Do zdarzenia doszło 17 września. Około godziny 17:30, policjanci zostali powiadomieni o pożarze budynków gospodarczych w gminie Jodłownik. Na miejscu okazało się, że płonie stodoła a ogień przeniósł się także na budynek mieszkalny, w którym przebywała kobieta wraz z trójką dzieci.
Stodoła uległa całkowitemu spaleniu, a w budynku mieszkalnym częściowemuzniszczeniu uległo poszycie dachu a w związku z akcją gaśniczą uszkodzeniu uległo również wyposażenie budynku.
W domu tym zamieszkiwał 60-latek wraz z swoją siostrzenicą, która była właścicielką posesji i jej trójką dzieci.

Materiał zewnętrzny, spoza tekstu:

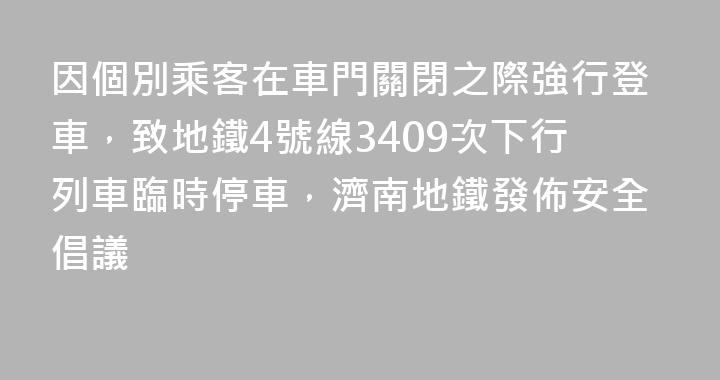 今天,濟南軌道交通集團運營有限公司發佈倡議書,乘坐地鐵“搶上搶下”隱患多,倡議在站臺黃色安全線內排隊候車,遵循“先下後上”原則,有序上車。原文如下:大家好!12月28日16時31分,濟南軌道交通4號線3409次下行列車(開往第一醫科大學方向)停靠轉山西路(萬象城)站時,個別乘客在車門關閉之際......
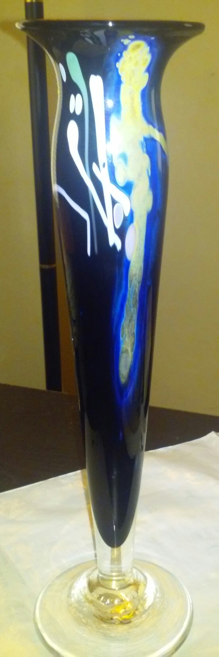 It is dark purple appears black has this beautiful deep blue and gold artistic coloring .See a signature can't make it out.

– Policjanci ustalili, że przed zdarzeniem mężczyzna groził swojej siostrzenicy spaleniem budynków, a następnie oblał stodołę substancją łatwopalną i doprowadził do pożaru. 60-latek został zatrzymany. Był on nietrzeźwy – badanie wykazało 2 promile alkoholu w organizmie – mówi asp. Jolanta Batko, rzecznik KPP Limanowa.
Mężczyzna został osadzony w pomieszczeniach zatrzymanych w limanowskiej komendzie. Zebrany materiał dowodowy pozwolił na przedstawienie mu zarzutu gróźb karalnych oraz uszkodzenia mienia znacznej wartości. Podejrzany umyślne oblał wnętrza budynku gospodarczego łatwopalną cieczą, po czym podpalił ją doprowadzając do pożaru zabudowań gospodarczych i mieszkalnych i powodując straty w kwocie około 350 000 złotych.
– Sąd Rejonowy w Limanowej zastosował wobec podejrzanego środek zapobiegawczy w postaci tymczasowego aresztowania na okres trzech miesięcy. Mężczyźnie grozi kara do 10 lat pozbawienia wolności – dodaje J. Batko.
Wczoraj druhowie miejscowej jednostki pomagali domownikom w porządkowaniu miejsca, gdzie doszło do pożaru.